◆ Your task:
Look below for the line that contains "03:12:01Der Fokus liegt" and the line that contains "Для OPPO A5 2020/A9 2020 3D", then restate both of them and every line in between, exactly. No picture goes in the copy.

START Records for the task

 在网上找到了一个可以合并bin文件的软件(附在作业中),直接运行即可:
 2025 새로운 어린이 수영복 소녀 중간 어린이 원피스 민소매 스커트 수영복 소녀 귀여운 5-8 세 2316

END Records for the task
START Records for the task

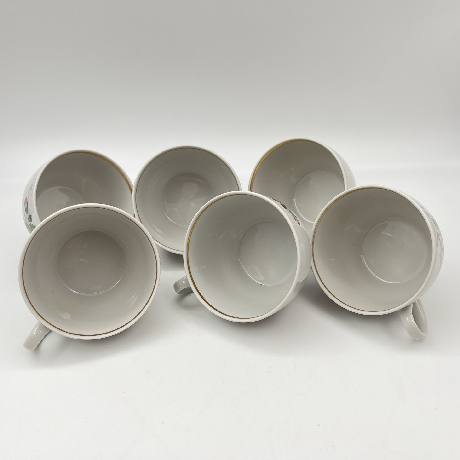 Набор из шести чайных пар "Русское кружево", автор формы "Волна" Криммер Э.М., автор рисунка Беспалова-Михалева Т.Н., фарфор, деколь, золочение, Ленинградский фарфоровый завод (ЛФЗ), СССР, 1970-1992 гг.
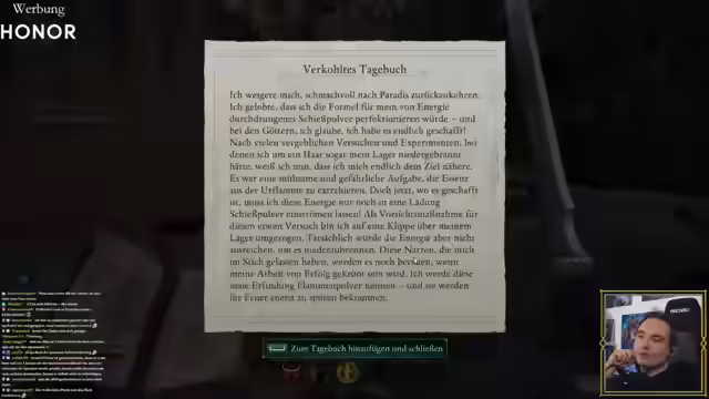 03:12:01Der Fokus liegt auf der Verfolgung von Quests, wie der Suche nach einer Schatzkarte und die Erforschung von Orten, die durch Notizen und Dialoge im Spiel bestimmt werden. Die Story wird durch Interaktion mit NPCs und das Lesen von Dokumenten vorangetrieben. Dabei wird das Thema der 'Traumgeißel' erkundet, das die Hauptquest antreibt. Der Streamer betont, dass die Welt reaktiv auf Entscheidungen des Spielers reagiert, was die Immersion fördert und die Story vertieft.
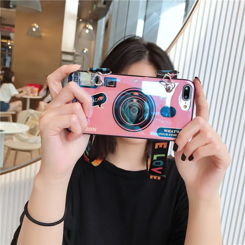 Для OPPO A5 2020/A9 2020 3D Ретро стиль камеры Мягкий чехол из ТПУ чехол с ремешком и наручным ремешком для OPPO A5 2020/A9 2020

END Records for the task

◆ Result of this exercise:
 03:12:01Der Fokus liegt auf der Verfolgung von Quests, wie der Suche nach einer Schatzkarte und die Erforschung von Orten, die durch Notizen und Dialoge im Spiel bestimmt werden. Die Story wird durch Interaktion mit NPCs und das Lesen von Dokumenten vorangetrieben. Dabei wird das Thema der 'Traumgeißel' erkundet, das die Hauptquest antreibt. Der Streamer betont, dass die Welt reaktiv auf Entscheidungen des Spielers reagiert, was die Immersion fördert und die Story vertieft.
 Для OPPO A5 2020/A9 2020 3D Ретро стиль камеры Мягкий чехол из ТПУ чехол с ремешком и наручным ремешком для OPPO A5 2020/A9 2020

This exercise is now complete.